What you need to do:
Transcribe the data below verbatim from the line with "De bedwand werd" to the line with "maatpakken graag draag’". Include both of those lines.

(Records excerpted from a collection)
"""
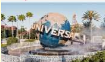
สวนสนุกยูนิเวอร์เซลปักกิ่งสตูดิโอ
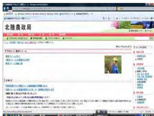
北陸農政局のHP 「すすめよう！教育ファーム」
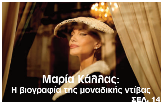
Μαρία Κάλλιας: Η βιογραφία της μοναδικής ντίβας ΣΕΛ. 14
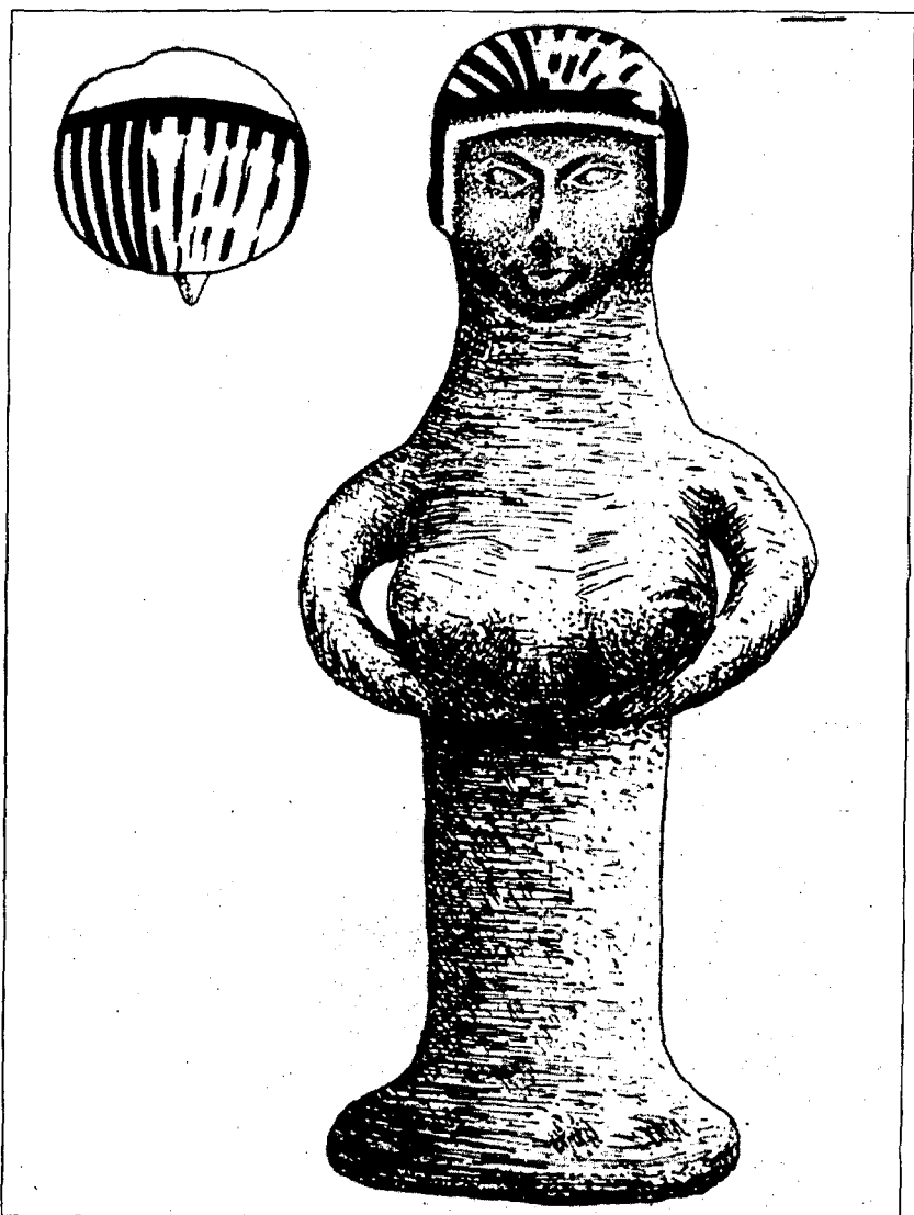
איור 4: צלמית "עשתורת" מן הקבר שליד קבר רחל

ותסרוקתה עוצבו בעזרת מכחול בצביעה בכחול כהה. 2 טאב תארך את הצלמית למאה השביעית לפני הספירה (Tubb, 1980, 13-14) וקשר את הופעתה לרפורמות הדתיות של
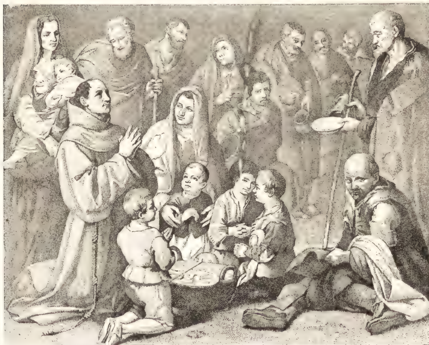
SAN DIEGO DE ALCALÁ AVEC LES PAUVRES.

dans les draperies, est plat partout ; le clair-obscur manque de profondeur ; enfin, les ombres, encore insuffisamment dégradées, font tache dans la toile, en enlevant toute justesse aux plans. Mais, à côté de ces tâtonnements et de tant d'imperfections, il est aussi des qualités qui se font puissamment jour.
"""
"""
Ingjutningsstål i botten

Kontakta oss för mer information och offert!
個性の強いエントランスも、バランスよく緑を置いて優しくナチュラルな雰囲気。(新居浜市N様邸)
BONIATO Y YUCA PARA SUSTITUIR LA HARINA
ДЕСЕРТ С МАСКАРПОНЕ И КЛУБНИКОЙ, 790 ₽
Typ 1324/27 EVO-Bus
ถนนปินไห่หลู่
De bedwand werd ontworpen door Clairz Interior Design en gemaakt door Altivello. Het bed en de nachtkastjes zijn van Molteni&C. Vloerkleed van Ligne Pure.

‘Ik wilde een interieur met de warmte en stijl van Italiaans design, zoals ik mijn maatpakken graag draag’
"""
"""
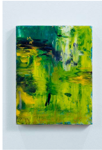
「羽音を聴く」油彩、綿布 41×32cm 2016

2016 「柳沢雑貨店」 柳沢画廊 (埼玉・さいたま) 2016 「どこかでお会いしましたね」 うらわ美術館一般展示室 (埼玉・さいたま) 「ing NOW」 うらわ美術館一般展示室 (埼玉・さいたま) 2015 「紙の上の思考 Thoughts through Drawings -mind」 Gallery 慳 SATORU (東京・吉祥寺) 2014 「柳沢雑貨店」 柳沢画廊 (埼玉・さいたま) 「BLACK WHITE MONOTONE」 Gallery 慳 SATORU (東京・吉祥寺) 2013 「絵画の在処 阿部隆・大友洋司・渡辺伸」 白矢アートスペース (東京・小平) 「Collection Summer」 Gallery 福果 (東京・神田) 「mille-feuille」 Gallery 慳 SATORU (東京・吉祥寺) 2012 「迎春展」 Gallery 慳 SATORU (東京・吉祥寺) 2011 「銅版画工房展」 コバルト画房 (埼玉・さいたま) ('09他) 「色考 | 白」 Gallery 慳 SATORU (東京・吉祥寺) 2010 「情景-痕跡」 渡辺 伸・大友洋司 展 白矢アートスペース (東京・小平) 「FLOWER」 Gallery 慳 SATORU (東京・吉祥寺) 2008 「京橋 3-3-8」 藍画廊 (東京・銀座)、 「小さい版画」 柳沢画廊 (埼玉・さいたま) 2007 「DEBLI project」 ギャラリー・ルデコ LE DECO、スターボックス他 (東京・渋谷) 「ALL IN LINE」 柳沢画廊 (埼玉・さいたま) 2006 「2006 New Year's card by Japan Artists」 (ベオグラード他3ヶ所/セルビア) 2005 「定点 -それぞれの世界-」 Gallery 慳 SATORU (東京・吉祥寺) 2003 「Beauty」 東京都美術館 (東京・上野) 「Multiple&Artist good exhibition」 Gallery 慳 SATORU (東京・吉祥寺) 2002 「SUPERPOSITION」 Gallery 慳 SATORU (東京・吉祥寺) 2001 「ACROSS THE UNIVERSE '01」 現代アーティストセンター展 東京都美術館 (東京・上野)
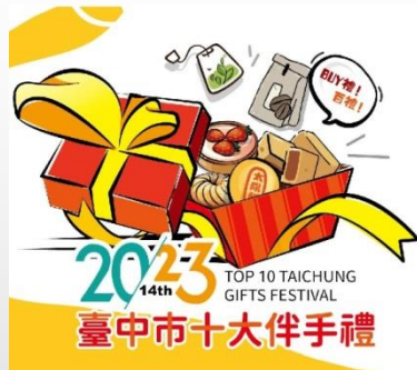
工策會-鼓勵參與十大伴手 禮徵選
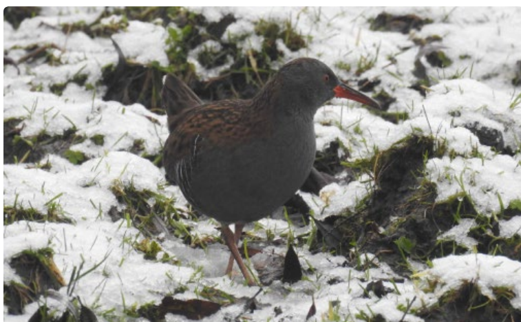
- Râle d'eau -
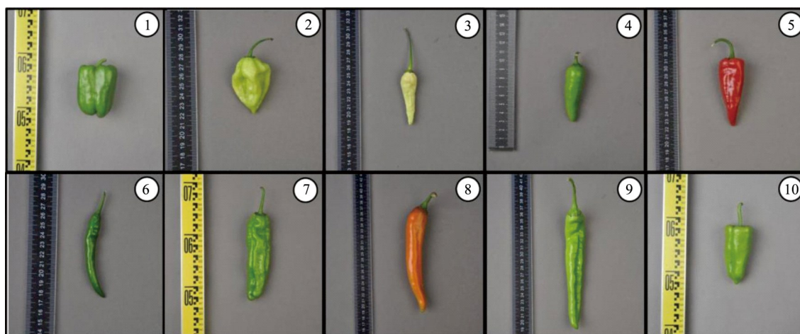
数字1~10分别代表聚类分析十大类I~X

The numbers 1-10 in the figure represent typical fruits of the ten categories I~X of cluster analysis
"""
Reply:
De bedwand werd ontworpen door Clairz Interior Design en gemaakt door Altivello. Het bed en de nachtkastjes zijn van Molteni&C. Vloerkleed van Ligne Pure.

‘Ik wilde een interieur met de warmte en stijl van Italiaans design, zoals ik mijn maatpakken graag draag’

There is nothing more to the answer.